Women have made progress as scientific researchers, but parity is a long way off
Women have made strides as scientific researchers around the globe over the last 20 years, but the progress has not been spread equally across all fields and women’s STEM representation remains well behind men, a 20-year study released this month shows.
The report from Elsevier, an Amsterdam-based global analytics company, found that the share of women involved in research internationally climbed to 41% in 2022, up from 28% two decades earlier. The report found the biggest gains were made in the health science area.
“Taking our inspiration from Marie Curie and the legions of talented women scientists before and since, we have sought to both notice what has been done and what remains to be done,” said Kumsal Bayazit, CEO of Elsevier, who became the first woman to lead the firm five years ago. “In putting together this report we sought to summarize the advances as well as the persistent remaining challenges experienced by women researchers. There is progress, but it has been slow.”

“At the current pace of change, equality remains too far away and further action in needed to accelerate change “Our hope is that (the report) will help stimulate dialogue, sharing of best practices and inform targeted interventions to support women researchers and innovators,” she wrote in the introduction to the study results.

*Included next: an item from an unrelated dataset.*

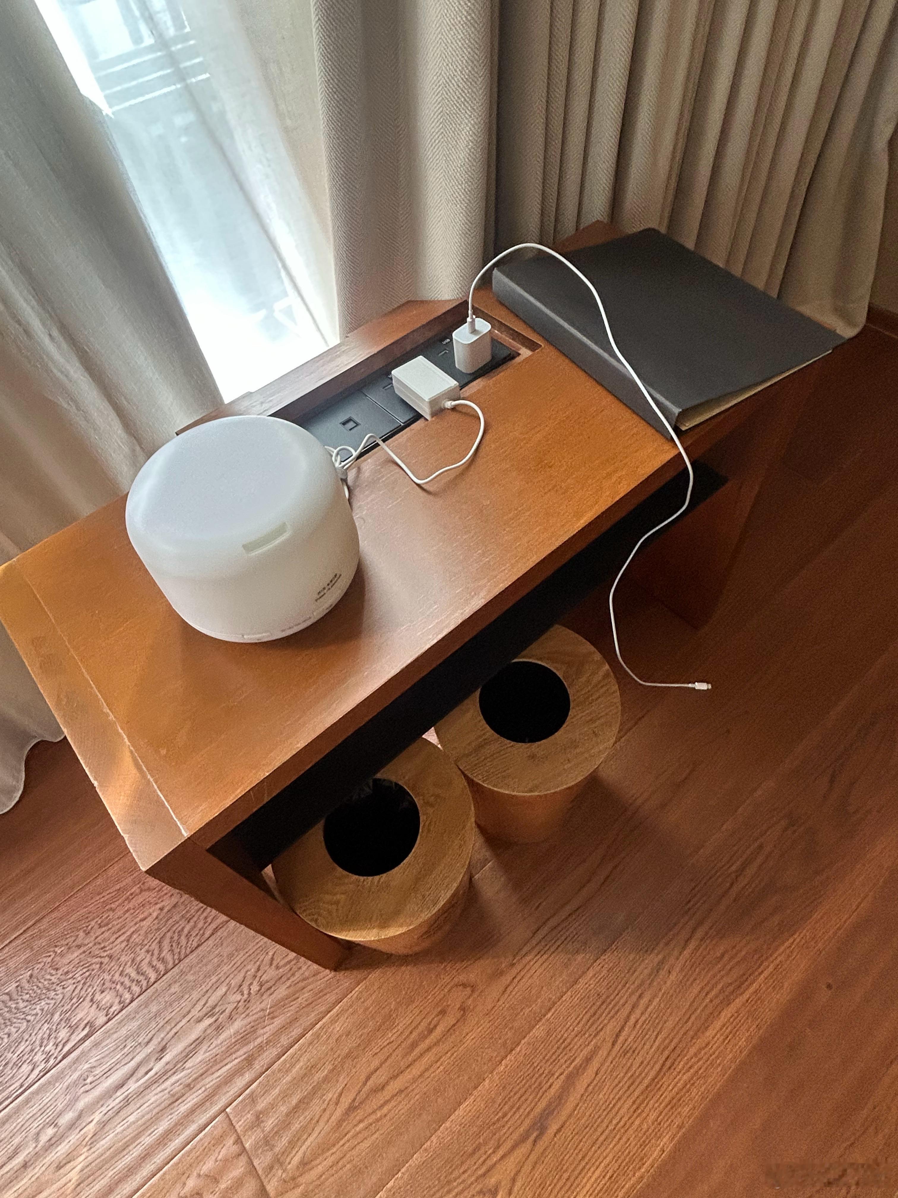 MUJI hotel,是有种不一样的质感。酒店内绝大多数的陈列、消耗品都是来自MUJI自有品牌。装潢上也是一种自然、纯色、原木风格。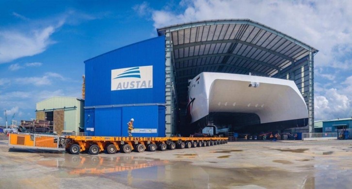 Austal Vietnam launches first vessel - 94 metre catamaran ferry for Trinidad and Tobago May 25, 2020 Austal Limited (ASX:ASB) is pleased to announce that Austal Vietnam has successfully launched Hull 397, a 94 metre high-speed catamaran for the National Infrastructure Development Company (NIDCo) of Trinidad and Tobago, from the company’s shipyard in Vung Tàu. The vehicle-passenger ferry, to be known as APT James, is the first vessel to be constructed by Austal Vietnam, in just 20 months, following the official opening of the shipyard in November 2018. The vessel is now in the final stages of fit out, prior to delivery to NIDCo in the 2nd half of CY2020. Austal Chief Executive Officer David Singleton said the successful launch of the ‘Auto Express 94’ catamaran was a fantastic accomplishment for Austal Vietnam, especially during the COVID-19 pandemic, and welcome news for the people of Trinidad and Tobago. “We couldn’t be more pleased with the performance of the 450-strong Austal Vietnam team, launching this impressive new vessel, their very first, at this challenging time in world history,” Mr Singleton said. “To their great credit and like all of our shipbuilding teams around the world, the Austal Vietnam team have continued working diligently and effectively during the COVID-19 pandemic to complete and launch APT James, while meeting all applicable Government Health and Safety guidelines. “This highly anticipated and exciting new ship for NIDCo is going to have a very positive and immediate effect on Trinidad and Tobago’s ‘sea bridge’ by improving the overall performance, reliability and amenity of this essential inter-island ferry service,” he added. The Austal Auto Express 94 is an all-new aluminium catamaran design, with capacity for 926 passengers and 250 cars, travelling at speeds up to 37.5 knots. The ship will feature the very latest in Austal’s ‘smart ship’ technology, including an advanced Motion Control System, to deliver a more comfortable and stable ride for passengers and crew. The launch, which took place over 5 days, comprised the rolling out of the vessel on a self-propelled modular transporter (SPMT) from Austal Vietnam’s Vung Tàu shipyard onto a barge, which was then towed up the Saigon River to Ho Chi Minh City, where the vessel was lowered into the water via floating dock. The vessel was then towed back to Vung Tàu, where the vessel will be kept alongside for final internal fit out under scheduled delivery, in the second half of 2020. Austal Vietnam has already commenced construction on the shipyard’s next project, a new 41 metre high speed catamaran ferry for SGTM of Mauritius, announced in January 2020.

The importance of gender equality in research is that it “allows society to benefit from the diverse range of perspectives, ideas and approaches that men and women bring to their work,” the report noted. “Gender-diverse teams produce more novel and higher impact scientific ideas … making it more likely that the innovative solutions they develop will be equitable, inclusive and effective.”
Women have taken the lead over men in a number of areas where sustainable development goals are involved, the study found. They are the majority of active researchers working on these UN Sustainable Development Goal research areas:
- Education
- Gender equality
- Reduction of inequalities
- Peace and justice
But in several other areas of scientific research women are still lagging, the report found:
- Fewer papers involving women are being published than involving men, a gap that has not narrowed over the 20 years of the study.
- Publications written by men are citied more often than those written by women, though that gap tends to diminish the more women advance in their careers.
- Women fall way behind men when it comes to patent applications, an indicator of innovation in research. Three-quarters of all patent applications were filed by men alone or all male teams in 2022; just 3% were filed by teams consisting only of women.